[Data excerpts]
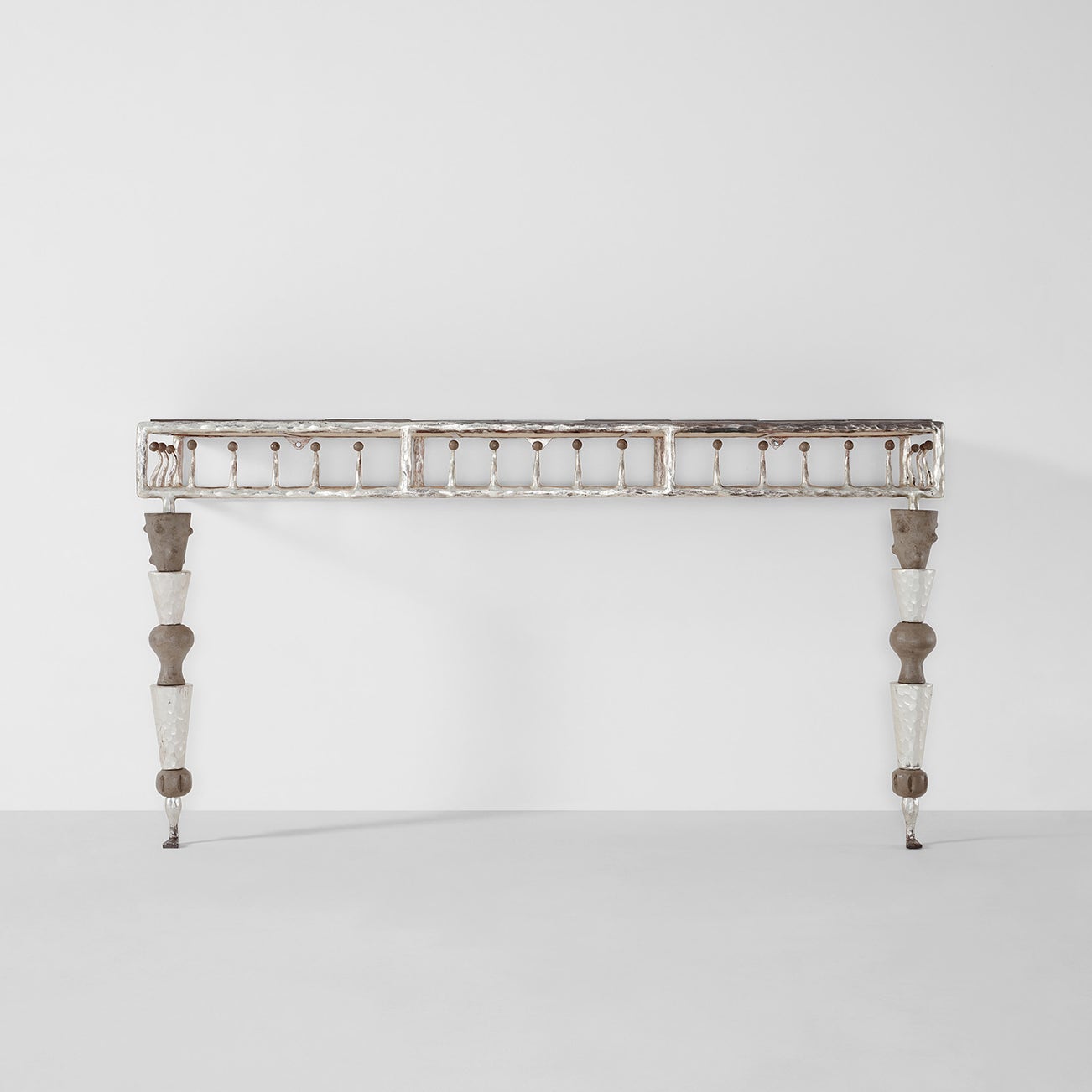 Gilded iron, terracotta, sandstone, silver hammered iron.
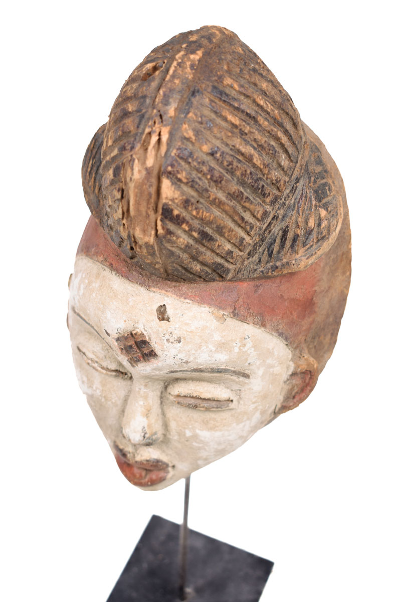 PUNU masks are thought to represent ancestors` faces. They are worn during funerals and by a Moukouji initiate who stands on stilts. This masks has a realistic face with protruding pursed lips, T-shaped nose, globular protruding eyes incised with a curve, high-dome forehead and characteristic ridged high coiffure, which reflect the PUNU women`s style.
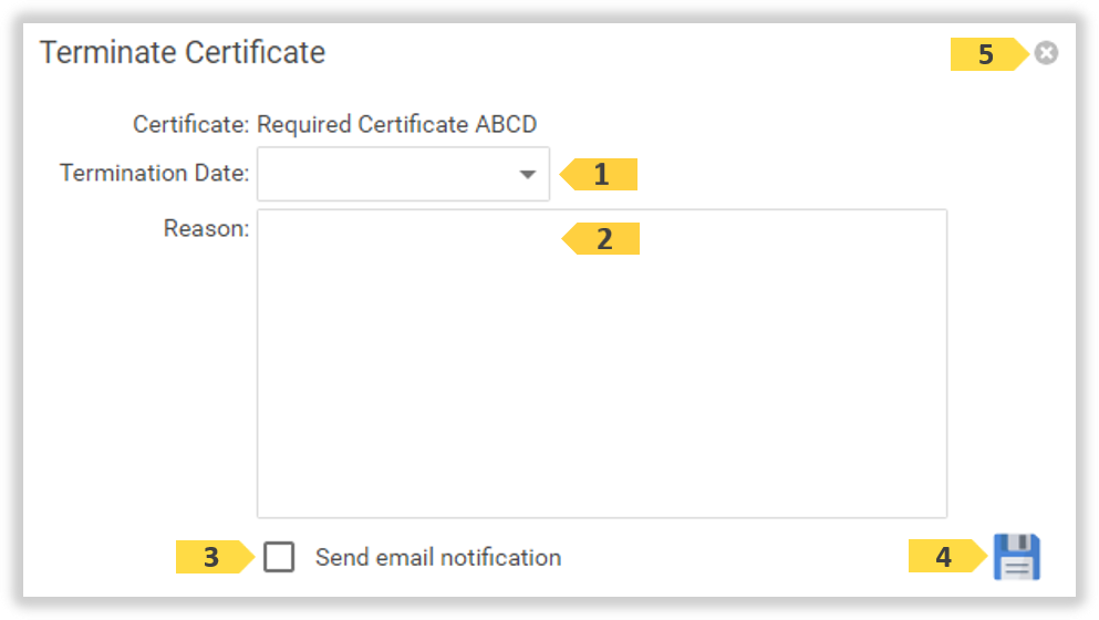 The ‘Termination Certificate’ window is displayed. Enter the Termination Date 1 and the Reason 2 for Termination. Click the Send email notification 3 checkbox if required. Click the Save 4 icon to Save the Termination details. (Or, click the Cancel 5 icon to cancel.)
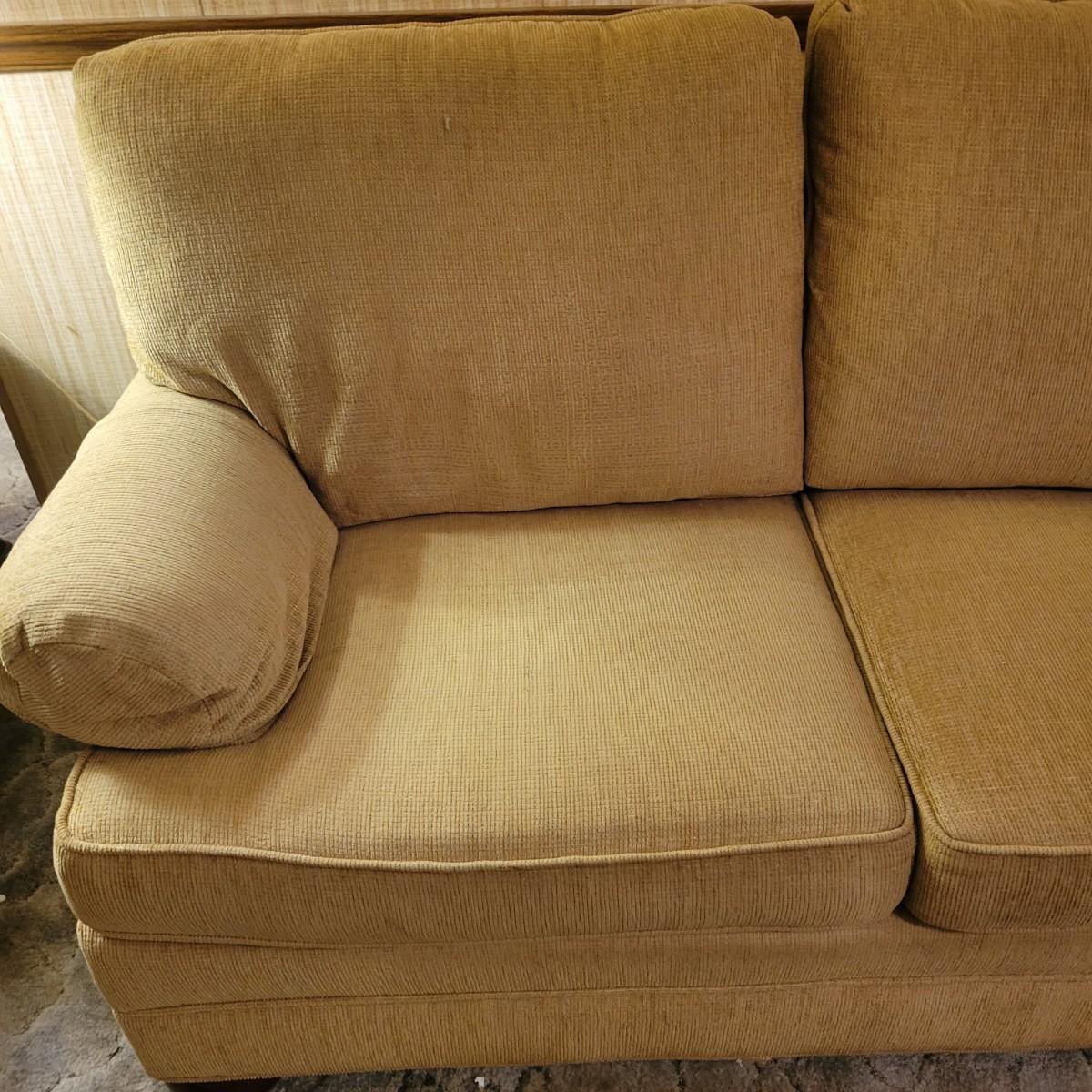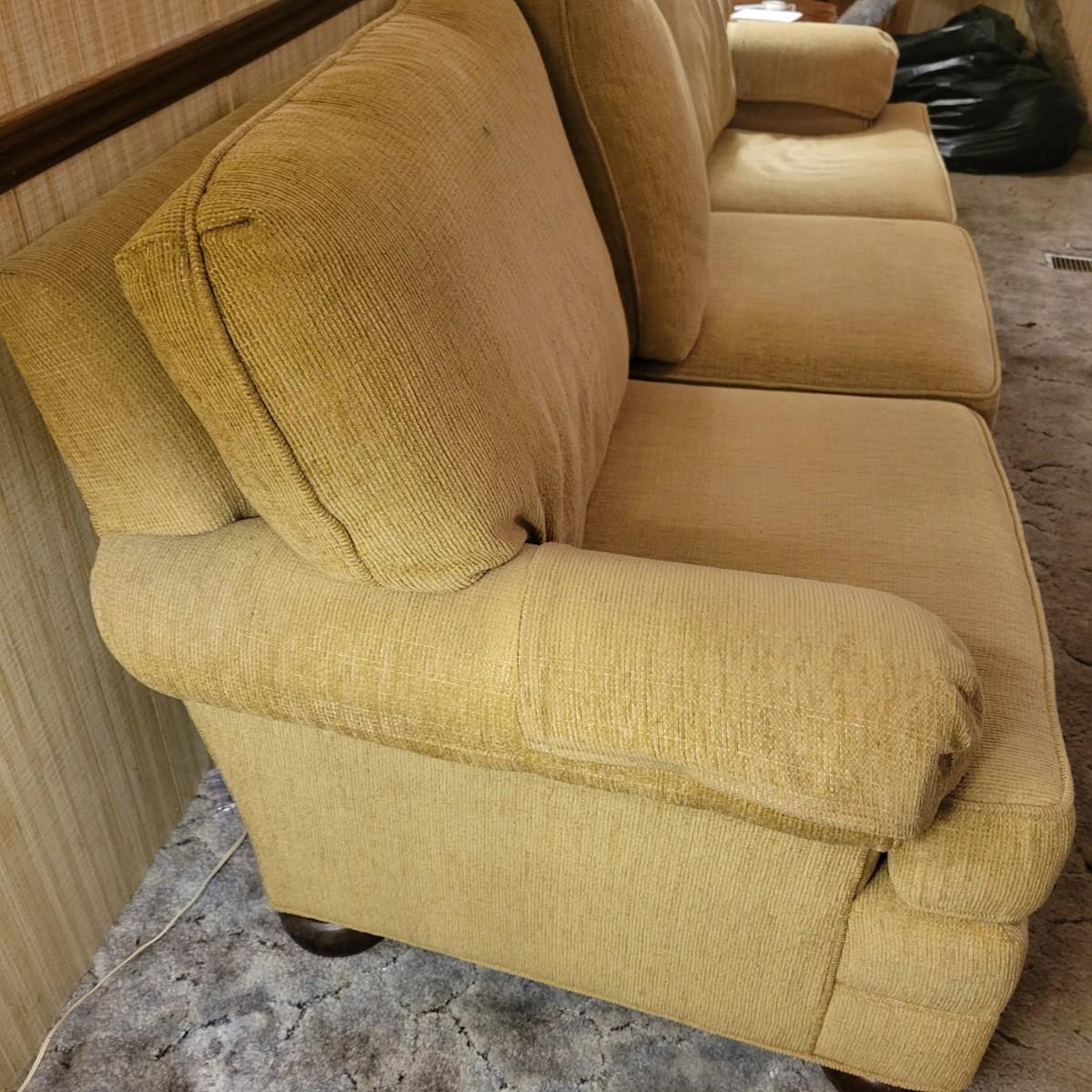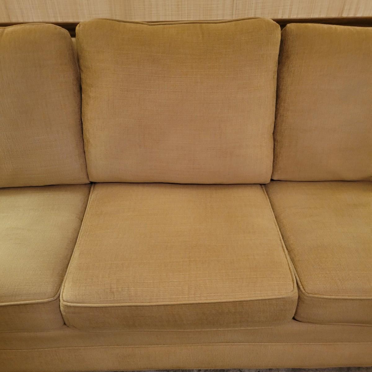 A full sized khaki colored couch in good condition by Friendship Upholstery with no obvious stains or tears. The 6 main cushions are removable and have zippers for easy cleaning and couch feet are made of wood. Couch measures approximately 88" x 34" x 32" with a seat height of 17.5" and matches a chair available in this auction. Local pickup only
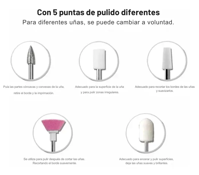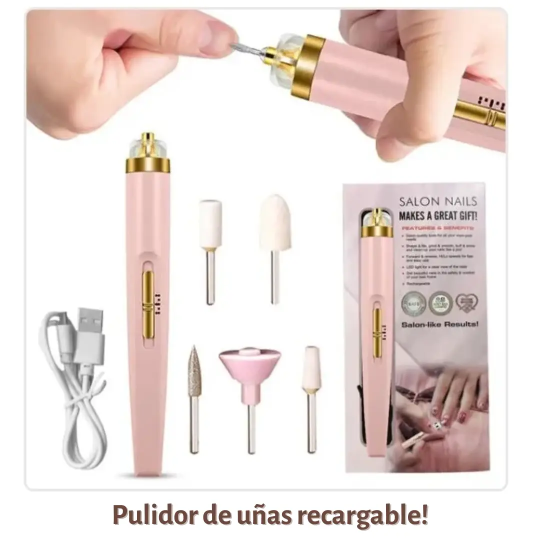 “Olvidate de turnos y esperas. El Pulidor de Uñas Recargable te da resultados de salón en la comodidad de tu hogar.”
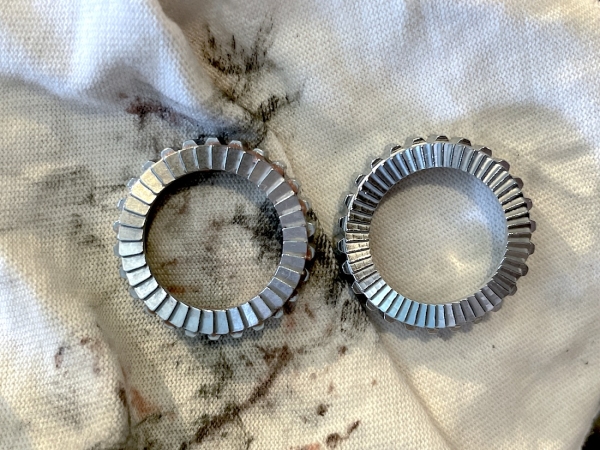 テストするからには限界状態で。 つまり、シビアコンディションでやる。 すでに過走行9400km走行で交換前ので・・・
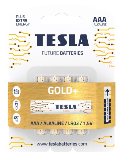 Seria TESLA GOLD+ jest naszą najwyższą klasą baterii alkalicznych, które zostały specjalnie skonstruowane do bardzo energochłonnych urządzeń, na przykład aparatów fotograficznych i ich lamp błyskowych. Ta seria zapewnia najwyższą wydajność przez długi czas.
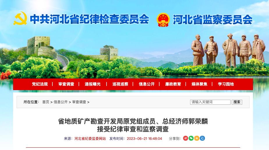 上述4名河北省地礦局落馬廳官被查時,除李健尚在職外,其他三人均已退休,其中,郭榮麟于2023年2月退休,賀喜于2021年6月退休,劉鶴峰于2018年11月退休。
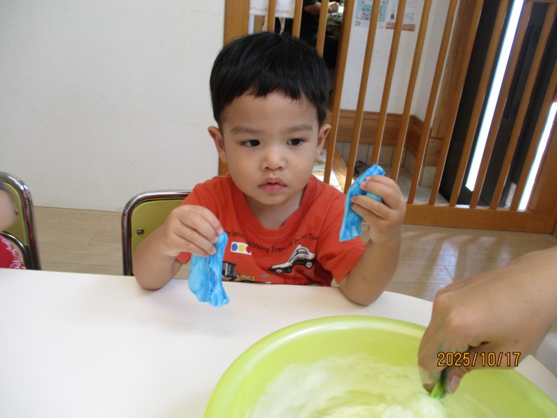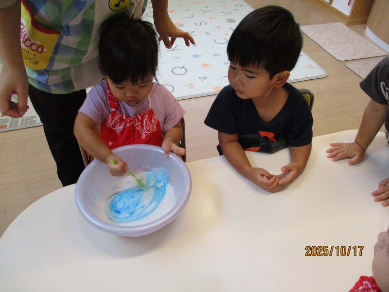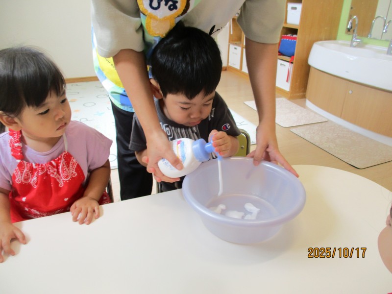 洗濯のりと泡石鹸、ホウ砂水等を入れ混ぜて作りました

- Assigned task:
Transcribe every entry word for word, but skip the pictures.

- Written response:
 Gilded iron, terracotta, sandstone, silver hammered iron.
 PUNU masks are thought to represent ancestors` faces. They are worn during funerals and by a Moukouji initiate who stands on stilts. This masks has a realistic face with protruding pursed lips, T-shaped nose, globular protruding eyes incised with a curve, high-dome forehead and characteristic ridged high coiffure, which reflect the PUNU women`s style.
 The ‘Termination Certificate’ window is displayed. Enter the Termination Date 1 and the Reason 2 for Termination. Click the Send email notification 3 checkbox if required. Click the Save 4 icon to Save the Termination details. (Or, click the Cancel 5 icon to cancel.)
 A full sized khaki colored couch in good condition by Friendship Upholstery with no obvious stains or tears. The 6 main cushions are removable and have zippers for easy cleaning and couch feet are made of wood. Couch measures approximately 88" x 34" x 32" with a seat height of 17.5" and matches a chair available in this auction. Local pickup only
 “Olvidate de turnos y esperas. El Pulidor de Uñas Recargable te da resultados de salón en la comodidad de tu hogar.”
 テストするからには限界状態で。 つまり、シビアコンディションでやる。 すでに過走行9400km走行で交換前ので・・・
 Seria TESLA GOLD+ jest naszą najwyższą klasą baterii alkalicznych, które zostały specjalnie skonstruowane do bardzo energochłonnych urządzeń, na przykład aparatów fotograficznych i ich lamp błyskowych. Ta seria zapewnia najwyższą wydajność przez długi czas.
 上述4名河北省地礦局落馬廳官被查時,除李健尚在職外,其他三人均已退休,其中,郭榮麟于2023年2月退休,賀喜于2021年6月退休,劉鶴峰于2018年11月退休。
 洗濯のりと泡石鹸、ホウ砂水等を入れ混ぜて作りました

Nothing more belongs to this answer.